%%
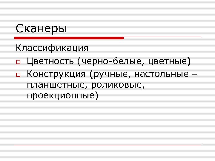Сканеры Классификация o Цветность (черно-белые, цветные) o Конструкция (ручные, настольные – планшетные, роликовые, проекционные)
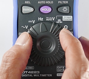 デジタルマルチメーターは簡単に周波数を測定できますが、測定をする際の注意点がいくつかあります。まずはテストリードを測定対象の回路に接触させる前に、測定機能が周波数測定(Hz)となっていることを確認しましょう。測定機能が間違った状態でテストリードを接触させると故障の原因になりかねません。
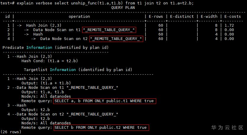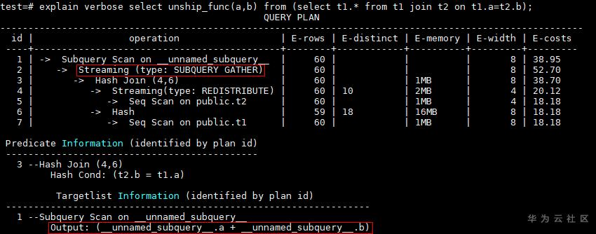 计划解读:unship_func为不能下推的函数,但是from后面的子查询可以下推,这种情况直接把子查询下推到了DN,执行完把数据返回给CN并在CN上调用unship_func计算出最终结果。
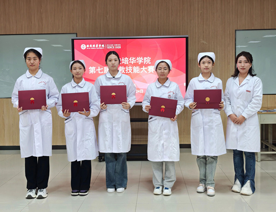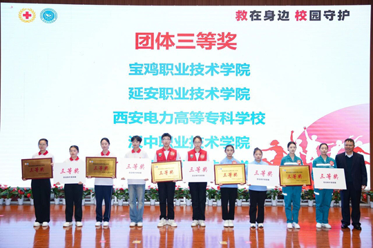 本次展示活动创新采用“专题培训+技能展示+主题演讲”三维模式,设置实操竞技、情景模拟等多维度考核环节,全方位考核参赛队伍的理论功底和协同能力。经过激烈角逐,分别评选出心肺复苏+AED单项奖一、二、三等奖;创伤救护单项奖一、二、三等奖;主题演讲单项奖一、二、三等奖;团体一、二、三等奖及优秀组织奖。其中,西安培华威廉体育代表队获团体二等奖及优秀组织单位称号。医威廉体育杨添乐同学摘得创伤救护组一等奖,张璐同学在成人心肺复苏(CPR+AED)项目获三等奖,杜元元同学获主题演讲三等奖。
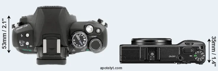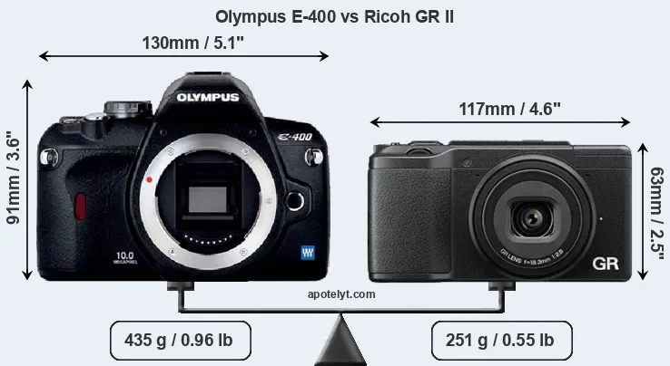 The above size and weight comparisons are to some extent incomplete and possibly misleading, as the GR II has a lens built in, whereas the E-400 is an interchangeable lens camera that requires a separate lens. Attaching the latter will add extra weight and bulk to the setup. You can compare the optics available for the E-400 and their specifications in the Four Thirds Lens Catalog.
%%
- [REQUIREMENT]:
Transcribe all of the lines above exactly as given. The pictures stay out.

- [WRITTEN RESPONSE]:
Сканеры Классификация o Цветность (черно-белые, цветные) o Конструкция (ручные, настольные – планшетные, роликовые, проекционные)
 デジタルマルチメーターは簡単に周波数を測定できますが、測定をする際の注意点がいくつかあります。まずはテストリードを測定対象の回路に接触させる前に、測定機能が周波数測定(Hz)となっていることを確認しましょう。測定機能が間違った状態でテストリードを接触させると故障の原因になりかねません。
 计划解读:unship_func为不能下推的函数,但是from后面的子查询可以下推,这种情况直接把子查询下推到了DN,执行完把数据返回给CN并在CN上调用unship_func计算出最终结果。
 本次展示活动创新采用“专题培训+技能展示+主题演讲”三维模式,设置实操竞技、情景模拟等多维度考核环节,全方位考核参赛队伍的理论功底和协同能力。经过激烈角逐,分别评选出心肺复苏+AED单项奖一、二、三等奖;创伤救护单项奖一、二、三等奖;主题演讲单项奖一、二、三等奖;团体一、二、三等奖及优秀组织奖。其中,西安培华威廉体育代表队获团体二等奖及优秀组织单位称号。医威廉体育杨添乐同学摘得创伤救护组一等奖,张璐同学在成人心肺复苏(CPR+AED)项目获三等奖,杜元元同学获主题演讲三等奖。
 The above size and weight comparisons are to some extent incomplete and possibly misleading, as the GR II has a lens built in, whereas the E-400 is an interchangeable lens camera that requires a separate lens. Attaching the latter will add extra weight and bulk to the setup. You can compare the optics available for the E-400 and their specifications in the Four Thirds Lens Catalog.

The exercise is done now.